Knowing your students is a top the charts for
designing a curriculum. Let us break this down for just a second or maybe two.
Let’s say you are an Elementary teacher teaching your twenty students that you
see every day for the whole day. Designing a curriculum for them should not be
difficult because you are understanding how your students learn on a frequent
basis. Now let’s say you are a high school teacher that teaches science at a
grade 9 level, math at a grade 9 level, biology at a grade 11 level and 12
level. You are working with 4 different groups of students throughout the day
working with them for just over an hour. By limited time with these groups, it
will be very difficult to get to know your students well enough to ultimately
design 4 different curriculums around them. So, if you don’t know your students
understandings, then how will I be able to grasp the big picture here and
design an updated curriculum that benefits my students entirely.
Alright alright, no more critical rants. I
typed the previous paragraph before I continued on past the first page of
Chapter 2. I just wanted to get my thoughts out of the way so I can focus on
the importance of a healthy balance between knowing your curriculum and knowing
your students.
I’m sure you have heard the saying knowledge is
power. Well…power is power. Hate to break it to ya. Anyways, there are lots of
ways to look at knowledge. Factual knowledge is essential facts that are
trivial in everyday life. Conceptual knowledge goes beyond facts and involves
Big Ideas and understanding the meaning behind such ideas. Procedural knowledge
is how to do a task using a skill or techniques. I feel the most important
knowledge to have is Meta-cognitive knowledge. The knowledge of one’s own
thinking process. Why do we think the way we think? Meta-cognitive knowledge is
a knowledge to reflect on the previous knowledge’s listed.
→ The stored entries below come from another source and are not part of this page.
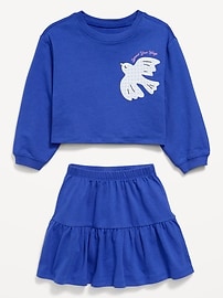 Long-Sleeve Graphic Sweatshirt and Skirt Set for Toddler Girls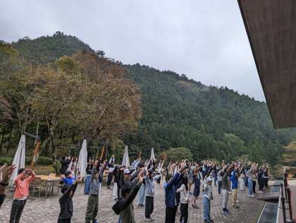 曇り空ですが、村めぐりはできそうです。名残惜しいですが、川場村での最後の時間を楽しみます。朝会の後、食事係さんはすばやく準備に取り掛かっています。ありがとう!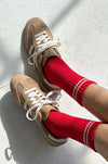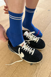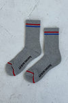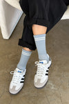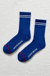 This slightly longer-than-crew sock features a contrast double stripe, mesh along the top of the foot for breathability, and elastic arch support. Durable, comfortable, and perfect for pairing with any shoe.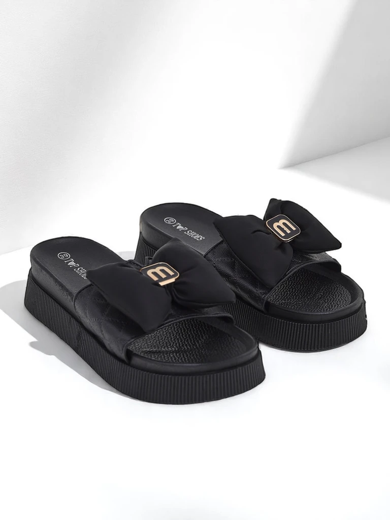 - Women's flip-flops on a light, rubber platform, perfect for summer days. The eco-leather strap decorated with a charming bow adds a girlish charm. Comfortable, stylish, and feminine - a great choice for everyday outings and vacation relaxation.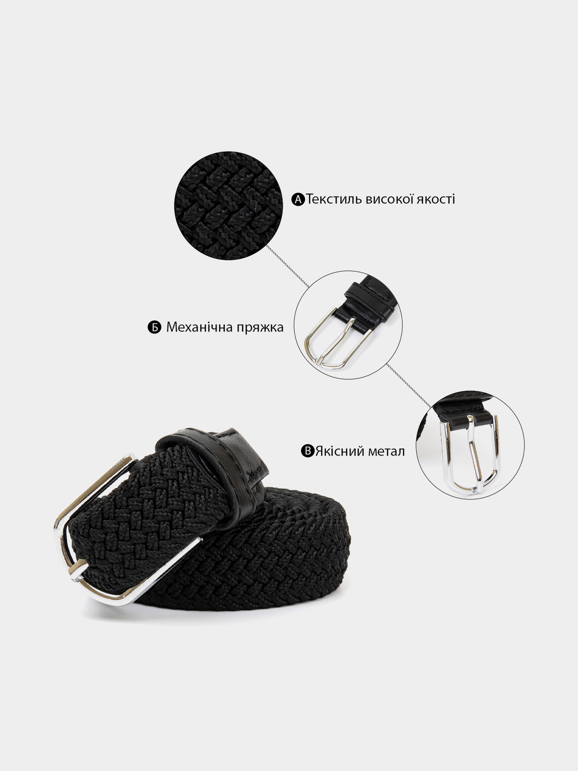 Матеріал: текстиль; Розмір: ширина 2,5 см; Колір чорний; Довжина: 90 см. Країна виробник: Китай. Текстильний ремінець для дівчат середньої ширини. Пояс має класичну пряжку сріблястого кольору. Тонкий ремінець підійде як під штани, так і під плаття. Виріб тягнеться і не шарується. Особливістю даного ремінця є те, що вам не потрібно робити дірки в полотні - вони з легкістю робляться за допомогою хлястика на пряжці. Візерунок текстильного полотна розсується і хлястик проходить наскрізь. Незважаючи на свою доступну вартість аксесуар має високу якість і прослужить вам далеко не один рік. На сайті виріб є в різних кольорах.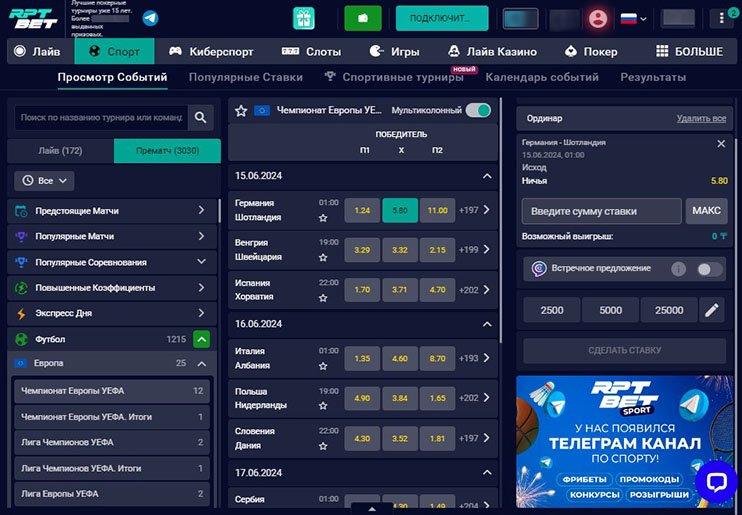 Что предлагает официальный сайт RPTBET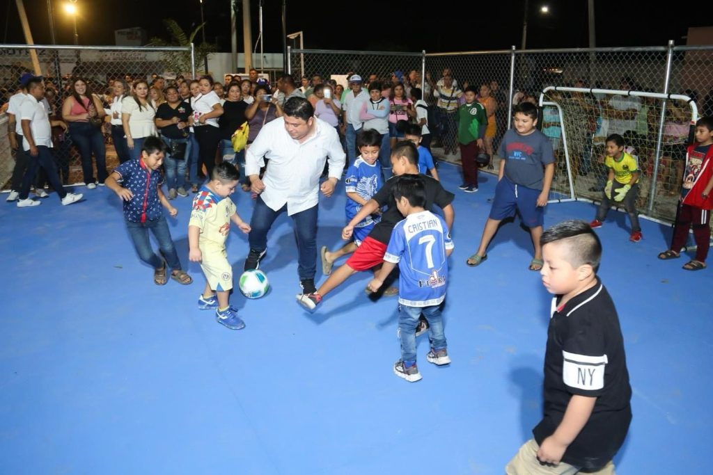 Vecinos como don Marco Antonio Batún agradeció que el alcalde Edwin se haya preocupado por los jóvenes con el mejoramiento del parque infantil y la cancha de usos múltiples.
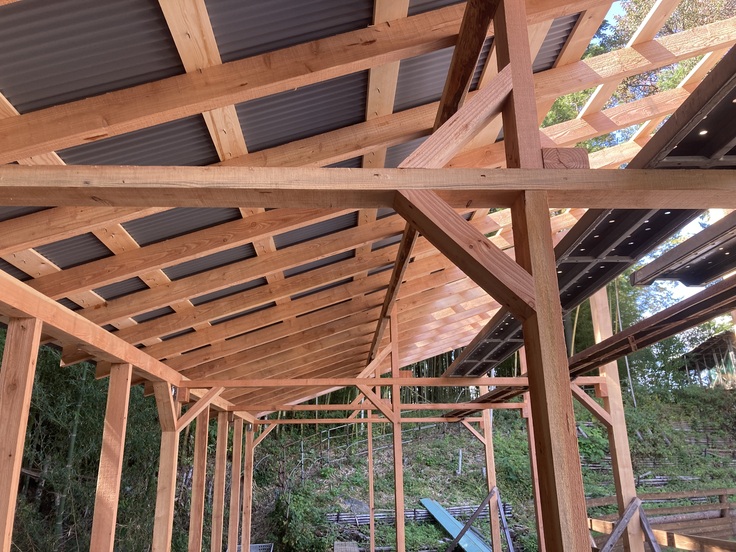 午後からは昨日に続きアプリノの澤海さんがお越しになり、清水馬三昧さんと共に屋根の上側のトタンを張ってくださいました!
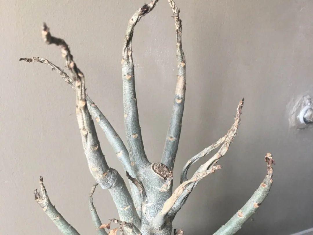 沙漠玫瑰虽然耐旱,但生长期还是要浇水的,缺水叶子会迅速干枯变黄,脱落,杆茎也会变软、皱巴巴的。
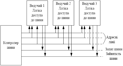 Системні ресурси розділяють кілька модулів, а проблему змагань при доступі до шини повинна вирішувати логіка керування системною шиною.
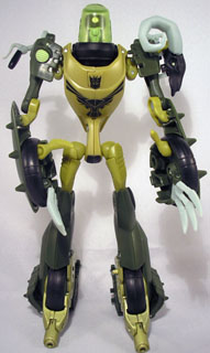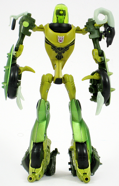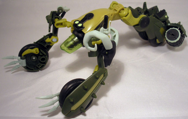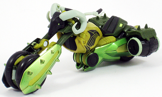 | Vehicle to vehicle combat is something all Transformers are skilled in, but with Oil Slick, it's a particular specialty. He knows more about how to disable and destroy a vehicle than almost anyone else in the galaxy. He knows that if he can break down the robot inside, the vehicle will come screaching to a halt. Canisters attached to his sides dump special chemicals that unlock the deepest fears of any robot exposed to them, while at the same time rotting wheels and burning through axles. Once the vehicle mode is destroyed, Oil Slick moves in close to finish off with his chain weapon. |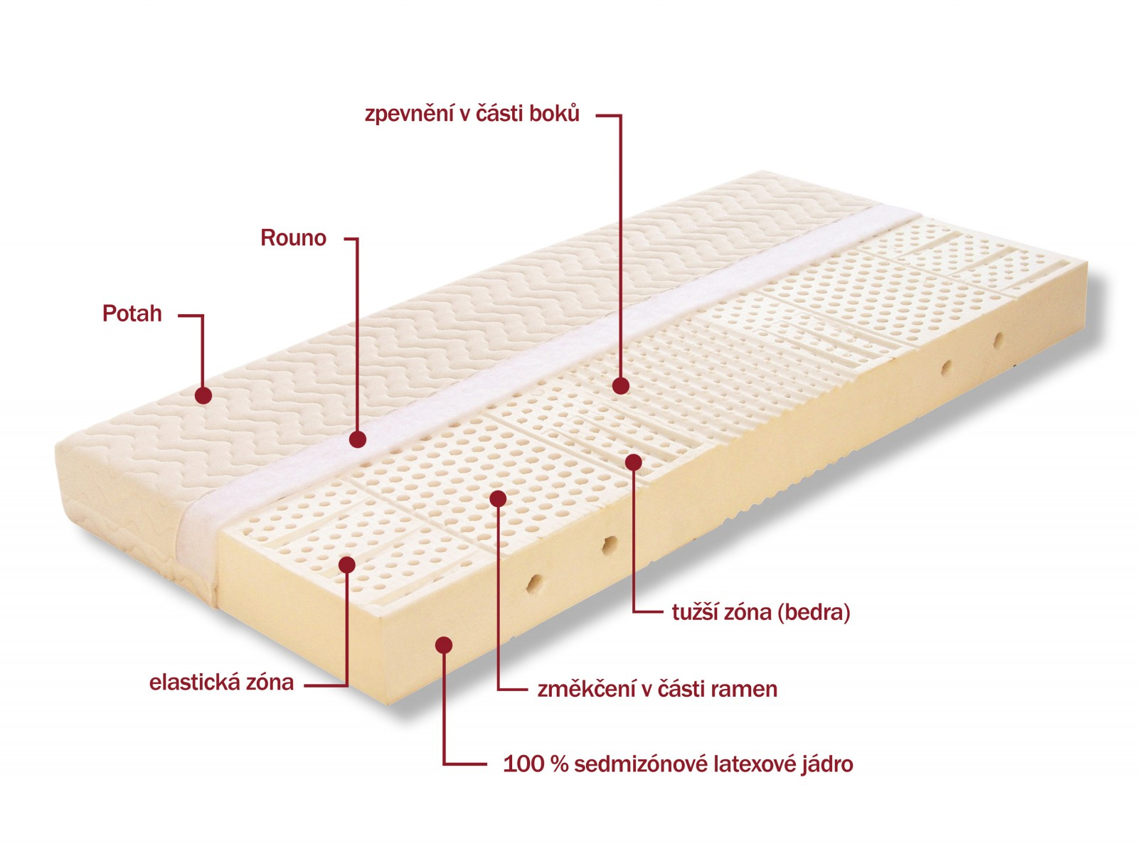 Luxusní 100% latexová matrace rozdělená vertikálními otvory do sedmi anatomických zón. Střední část matrace je pevnější, v oblasti ramen a kyčlí naopak měkčí. Vyšší objemová hmotnost jádra matraci řadí k tužším 100% latexovým matracím s označením tvrdosti číslo 2. Díky svým ortopedickým vlastnostem je vhodná pro všechny typy zákazníků, ocení ji hlavně starší populace. Latexová matrace zamezuje tlaku v oblasti kyčlí a kloubů, poskytuje dokonalé uvolnění krční páteře. Matraci je vhodné uložit na všechny typy lamelových roštů. Matrace lze vybrat v potahu ÚPLET nebo ALOE VERA. V objednávce prosím uveďte Vámi vybraný potah. Výška matrace včetně potahu 17 cm. Matrace do hmotnosti 120 kg.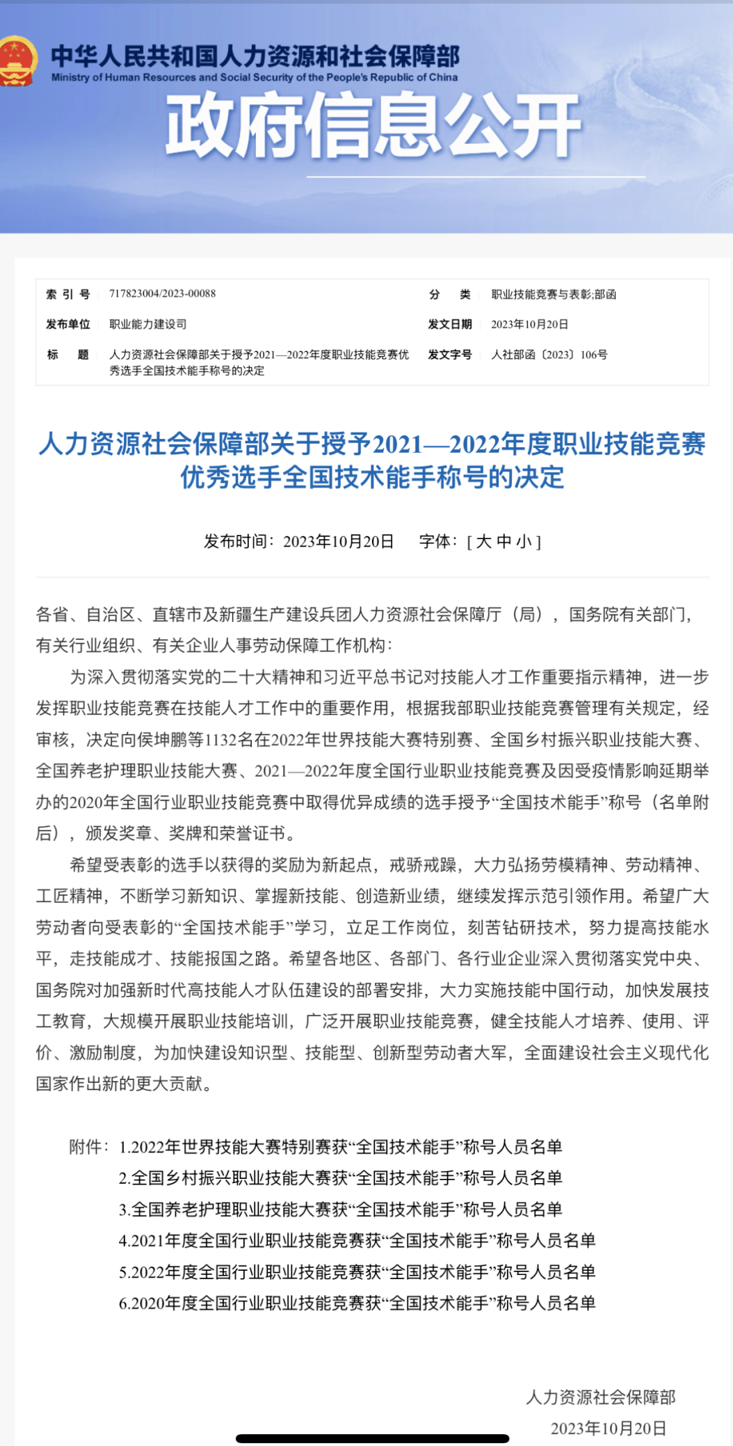 为深入贯彻落实党的二十大精神和习近平总书记对技能人才工作重要指示精神,进一步发挥职业技能竞赛在技能人才工作中的重要作用,《人力资源社会保障部关于授予2021—2022年度职业技能竞赛优秀选手全国技术能手称号的决定》(人社部函〔2023〕106号)

These four categories
of knowledge are defined by Lorin Anderson.
Now to connect these knowledge’s to students and
curriculum. First off, your students must have a certain amount of surface
knowledge before they can move on to Big Ideas and challenging tasks of deeper
learning. Students, on their own account, can activate meta-cognition to monitor
their own cognitive process. I think a big upcoming challenge now is shifting
from teaching procedure to teaching concepts. Teachers will have to develop conceptual
understanding first before they can apply this teaching shift into their classrooms.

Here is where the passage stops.